Экзамены — тяжелая болезнь!
Это было черное, бредовое лето.
Сначала обрушился шквал выпускных экзаменов, так что пришлось, стиснув зубы, засесть за запущенные предметы, в которых Борис отказывался что-либо понимать. Он столкнулся с чудовищными метастазными формулами, смысл которых от него в свое время бесследно ускользал, и чтобы его настигнуть, он откатывался все дальше и дальше к началу учебника, пока не попадал в благодушную атмосферу вводных бесед о само собою разумеющихся вещах, которые сопровождались демонстрацией всяких забавных фокусов; на минуту он увлекался фокусами, но очнувшись, в ужасе вспомнив, что на носу экзамен, он решительно перелистывал три-четыре страницы, и перед ним открывался период редких, вразумительных формул, по своей анатомии напоминавших мальков, плавающих в домашнем аквариуме, и в этом ручном подводном царстве он брался объяснить назначение каждому хрящику, однако не успевал он утвердиться в своем знании, как формулы с головокружительной быстротой начинали прибавлять в весе, рыбы крупнели и бешено размножались, они шли косяками, никакого аквариума уже не существовало, а вместо него был соленый безбрежный простор, и Борис терялся в догадках, на какой именно странице он снова потерял ниточку понимания, задумавшись о совершенно постороннем деле… Отдельной жизнью жили мистическое число «пи» и целый выводок связанных с ним теорем и прочих геометрических хитростей, которые в его мозгу почему-то ассоциировались с брусьями, кольцами, «козлами» и прочими снарядами, наполнявшими просторный и вечно пахнущий детским потом физкультурный зал школы, существовала целая наука тригонометрия, где тангенс имел сложные родственные отношения с косинусом и при этом зеркально отражался в котангенсе, существовала, наконец, логарифмическая линейка со стеклышком, которое Борис случайно раздавил ногой, что затруднило его знакомство с линейкой.

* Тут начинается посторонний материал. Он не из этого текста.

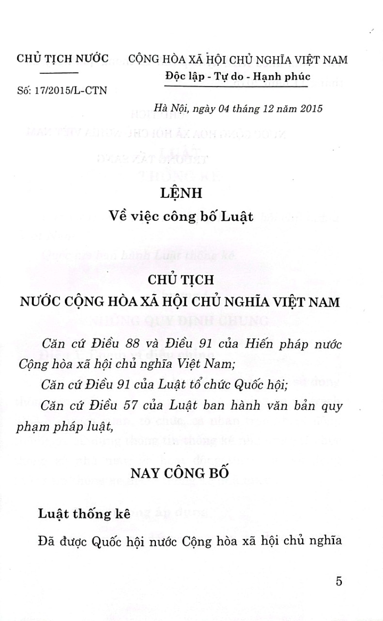 Luật thống kê năm 2015 có hiệu lực thi hành từ ngày 01-7-2016, thay thế Luật thống kê năm 2003 đã tạo cơ sở pháp lý vững chắc cho hoạt động thống kê, sử dụng thông tin thống kê, khắc phục bất cập của Luật thống kê năm 2003 và tiếp thu các nguyên tắc mới của thống kê Liên hợp quốc trong tiến trình hội nhập.
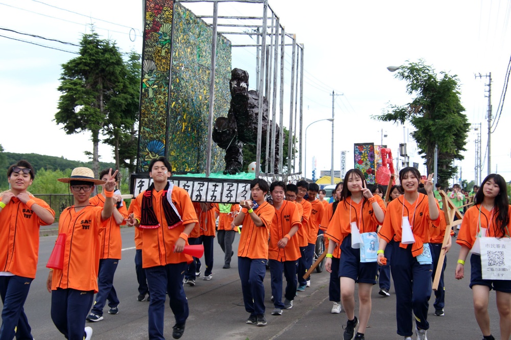 名寄高校生が楽しみにしている行事のひとつ、「名高祭」が7月5日から開催。5日のあんどん行列で幕開けです。この日のために、何日も前からそれぞれのクラス全員で力を合わせて作ったあんどん。個性あふれる作品がずらりと並んだ景色は壮観でした。
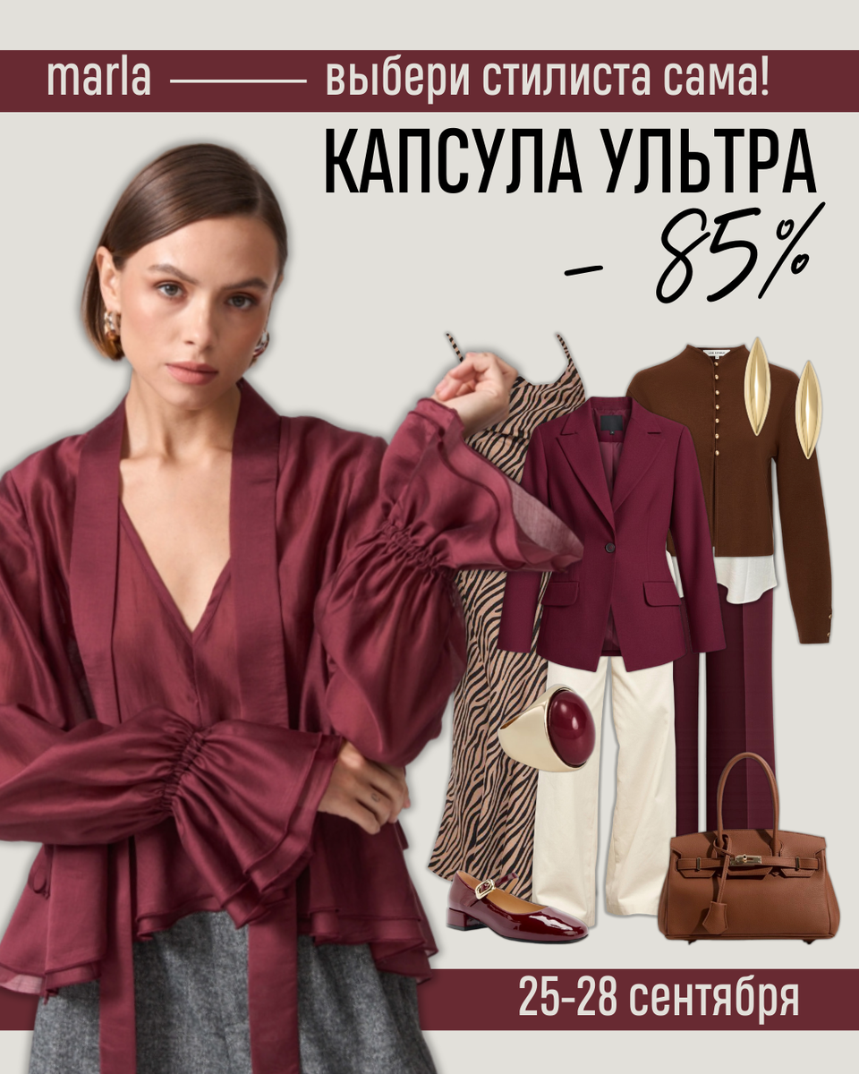 Отдаем лучшее, что мы создали👉🏻 ⠀ Вы выбираете своего стилиста сами, по портфолио. А стилист ваяет вам 💊капсулу аж из 🔟 вещей. С участием вашего гардероба: что пришлете, то и включит. ⠀ А с 25 по 28 сентября мы делаем это со скидкой –85%: капсула УЛЬТРА 1 190₽ вместо 7 800₽ ⠀ 🔟 вещей, 🔟 образов ⠀ Главное – возможность самой выбрать стилиста. Причем только из топовых мастер-стилистов нашего сервиса. С опытом от 5️⃣ лет и 5️⃣0️⃣0️⃣+ наших клиентов. Теперь вы можете выбрать, кто из них соберет вашу капсулу. ⠀ А мы, как всегда, соберем, привезем одежду на 24 часа, поможем в чате примерить и посадить одежду, на следующий день увезем то, что вы решите не оставлять. ⠀ Как выбрать стилиста при заказе капсулы: ⠀ 📋с 25 по 28 сентября заполните анкету по 🔗 В анкете выберите тариф Ультра. ⠀ 💸по акции он стоит 1 190₽ вместо 7 900₽, эту сумму мы вычтем из вашего счета на одежду после примерку, так что сервис будет в подарок! ⠀ 💬после в чате мы вышлем вам ссылку на выбор стилиста:
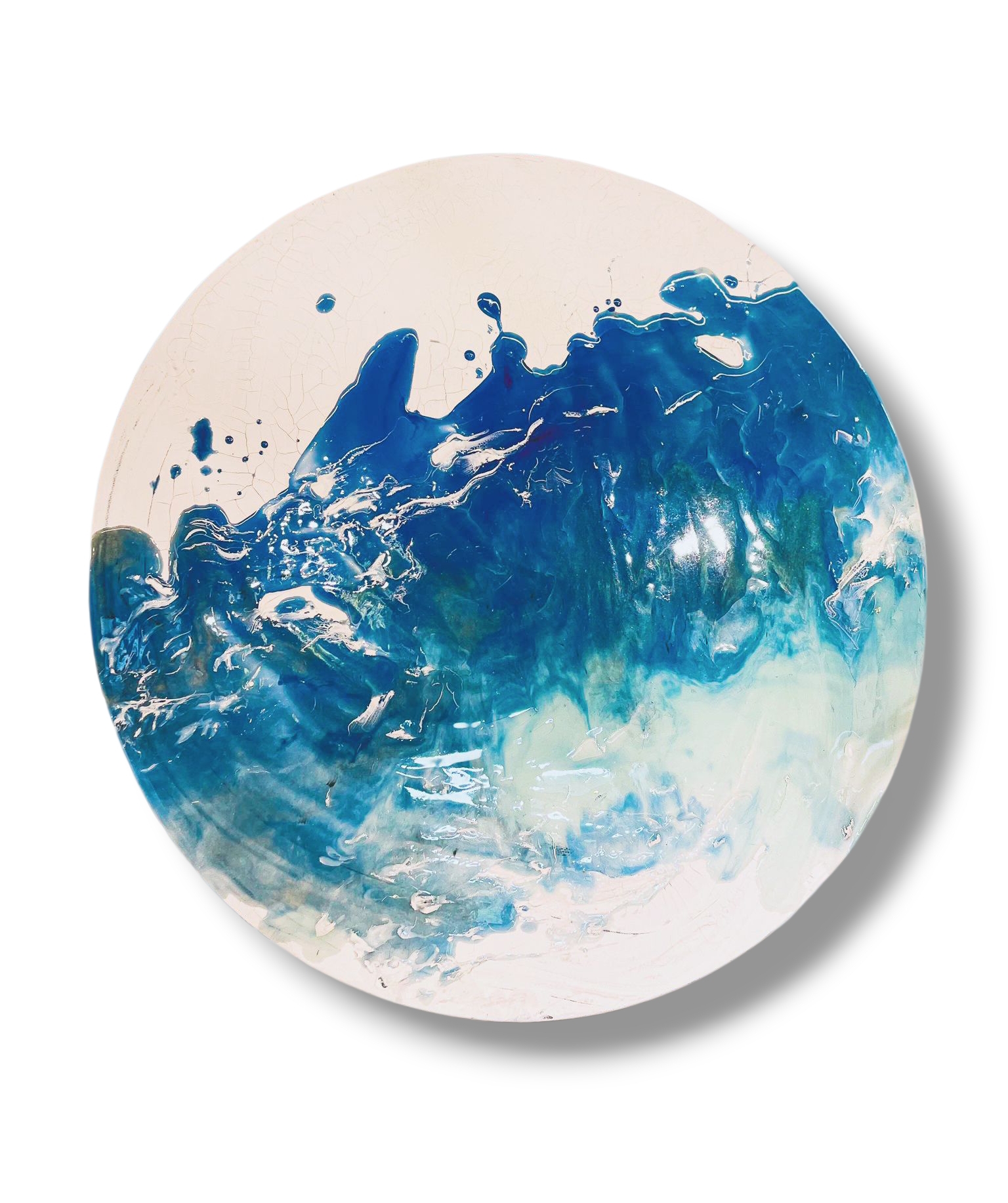 „Oddech morza” Joanny Pyrskały to nowoczesna, abstrakcyjna praca w formie koła o średnicy 50 cm, wykonana z wykorzystaniem technik mieszanych, które tworzą głębię, fakturę i subtelny ruch kompozycji. Obraz emanuje spokojem i lekkością, przywodząc na myśl rytm fal i delikatne oddechy morskiej tafli. Linie i kolory splatają się w harmonijną całość, balansując między tym, co namacalne, a tym, co ulotne i wyobrażone. Praca odzwierciedla relację między naturą a emocjami – ciszę, przestrzeń i światło, które stają się nośnikiem refleksji i wyciszenia. „Oddech morza” jest wyrazem minimalistycznej elegancji, doskonale komponując się w nowoczesnych wnętrzach, wprowadzając do przestrzeni atmosferę spokoju, harmonii i subtelnego, luksusowego charakteru. Technika mieszana: ekologiczna żywica, farby akrylowe.

Но все-таки, если сосредоточиться, если заставить себя не отвлекаться, то ларец точных наук, преподанных на школьном уровне, открывается, в конечном счете, просто, и обнаружив это, Борис отнюдь не обрадовался, но поспешил добавить к своей нелюбви к котангенсам привкус небрежного презрения; он весьма скептически отнесся к признанию одноклассника, с которым водил дружбу, решившему посвятить себя математике. «Это же монастырь», — подумал вольнолюбивый гуманитарий, у которого, однако, хватило такта не высказать свое суждение вслух.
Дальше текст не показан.